AbstractTrimarco et al. employed CRISPR activation library screening technology to identify host factors that can restrict influenza virus. They used influenza B virus (IBV) to treat cells and then used the CRISPR-Cas9 system to activate host genes, searching for genes that could enhance the cell's resistance to viral infection. Through this method, they discovered the B3GAT1 gene, which encodes an enzyme called β-1,3-glucuronyltransferase 1, capable of altering the cell's surface glycan structure, thus affecting viral infection.
CRISPR Library Identifies Viral Restriction Factors
Library Type: Human genome-wide activation CRISPR library (Addgene 92379)
Transduced Cells: A549 cells
Virus: B/Yamagata/16/1988 (Yam/88) strain of IBV
Screening Strategy: Three rounds of virus infection, positive selection
Screening Method:
Each replicate collected
half of the stable transduced cells from the library and stored them at -80°C.
The remaining half of the cells in each replicate were infected with the B/Yamagata/16/1988 and then incubated for 24 hours in medium containing TPCK-treated
trypsin to promote multi-cycle infection. Subsequently, the medium was replaced with DMEM medium, and the
cells were cultured for 48 hours to fully exhibit the cellular cytopathic effects from viral infection. The
cells were then trypsinized, replated to remove dead cells, and the culture
continued. When the cells reached the initial cell amount, half of the cells
were collected, lysed, and stored, and the remaining half of the cells were infected with the virus again. This cell culture, cell
collection, and re-infection process were repeated two more times for a total
of three rounds of infection until both replicates of cells showed no obvious cellular cytopathic effects after
infection. The genomic DNA of the cells after each round of infection was extracted,
and deep sequencing was performed on the sgRNAs using high-throughput
sequencing technology. The enriched sgRNAs were identified through
bioinformatics analysis of the sequencing data, thereby determining candidate
antiviral host genes.
Figure 1: Determination of the Restrictive Factors of Influenza B Virus
through Genome-wide Activation CRISPR Library Screening
The researchers hypothesized that repeated infections would lead to internal competition among enriched genes, eventually resulting in a bottleneck effect on the population, containing only a few genes with strong antiviral activity. As expected, the number of detected sgRNAs decreased in each round of infection, and the count of a few sgRNAs became increasingly prominent in the population.
For the most promising screening results, the researchers selected the top six enriched sgRNAs targeting genes for validation. Among them, the B3GAT1 gene, previously not explicitly described as a viral restriction factor, exhibited significant antiviral activity. Therefore, the researchers chose the B3GAT1 gene for in-depth characterization studies.

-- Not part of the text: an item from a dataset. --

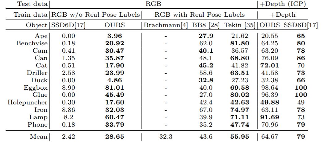 表 5:LineMOD:使用不同训练和测试数据的目标召回(ADD 标准),结果来自 [35]。

Functional Validation of B3GAT1
The researchers observed inhibited viral infection in B3GAT1 overexpressing A549 cells using flow cytometry and immunofluorescence microscopy.
Figure 2: Validation of B3GAT1 overexpressing A549 cells
Mechanism Study of B3GAT1 Antiviral Activity
B3GAT1 is a glycosyltransferase. The researchers used MALDI-TOF mass spectrometry to analyze the N-linked glycans of B3GAT1-overexpressing cells and control cells. They found a reduction in the types of glycans containing sialic acid and an increase in the types of glycans containing glucuronic acid (GlcA) in B3GAT1-overexpressing cells. Using different fluorescently labeled lectins and specific antibodies to detect the expression of sialic acid and GlcA on the cell surface, they found reduced expression of α2,3- and α2,6-linked sialic acid in B3GAT1-expressing cells. Notably, many viruses require sialic acid for host cell entry.

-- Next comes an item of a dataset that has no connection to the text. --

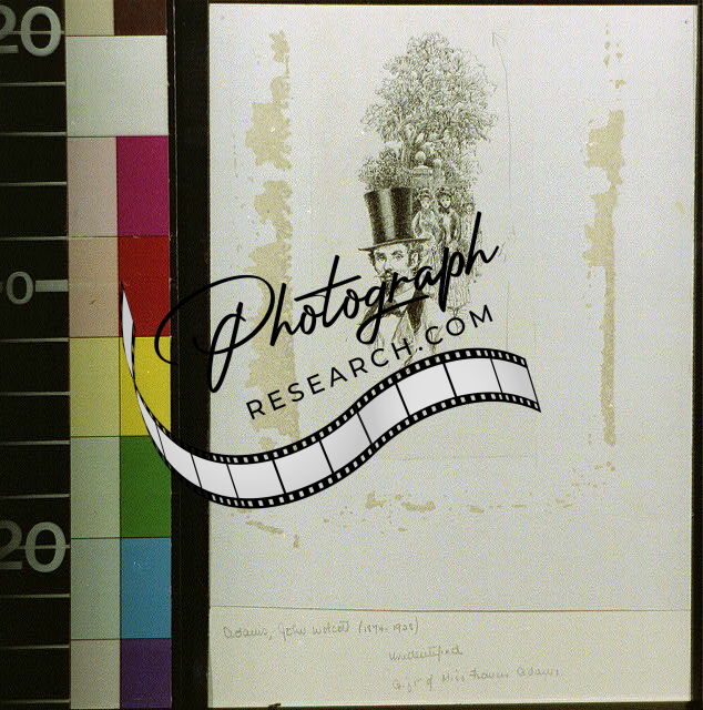 Head,shoulders of man in top hat with three girls behind him,John Wolcott Adams

Based on these findings, the researchers proposed a hypothesis: B3GAT1 competes with host cell sialyltransferases, preventing the surface expression of sialic acid on the cell, thus impeding viral receptor binding and subsequent cell entry.
Figure 3: B3GAT1 can prevent the surface expression of sialic acid by competing with sialyltransferases.
In Vivo Model Validation
The researchers further tested the antiviral effect of B3GAT1 on various influenza viruses, including the Victoria and Yamagata lineages of influenza B virus, as well as the H1N1 and H3N2 subtypes of influenza A virus. In a mouse model, through adeno-associated virus (AAV) vector-mediated specific expression of B3GAT1 in mouse respiratory epithelia, they evaluated its protective effect against challenge with influenza viruses. The results showed that B3GAT1, by altering the cell's surface glycan composition, particularly by reducing sialic acid expression, broadly restricted viruses that rely on sialic acid for host cell entry.
Figure 4: Safe in vivo expression of B3GAT1 provides protection against lethal influenza virus infection.
Conclusion
This study found that B3GAT1 effectively restricts the infection of various influenza viruses and other viruses by altering the surface glycan structure of host cells. The study also demonstrated that B3GAT1 overexpression in mice not only is well-tolerated but also provides protection against lethal influenza virus challenges, offering a new direction for the development of novel broad-spectrum antiviral therapies.
The CRISPR library screening technology has been applied to a variety of virus research, including influenza virus, HIV, Flaviviruses (such as dengue virus, Zika virus, West Nile virus), coronaviruses (such as SARS-CoV-2), hepatitis B virus, hepatitis A virus, hepatitis C virus, herpes virus, etc. These CRISPR library screenings have revealed a variety of factors critical to the virus lifecycle within host cells, including virus entry, replication, assembly, and host immune response, providing important molecular targets and in-depth mechanistic understanding for antiviral drug development and vaccine design.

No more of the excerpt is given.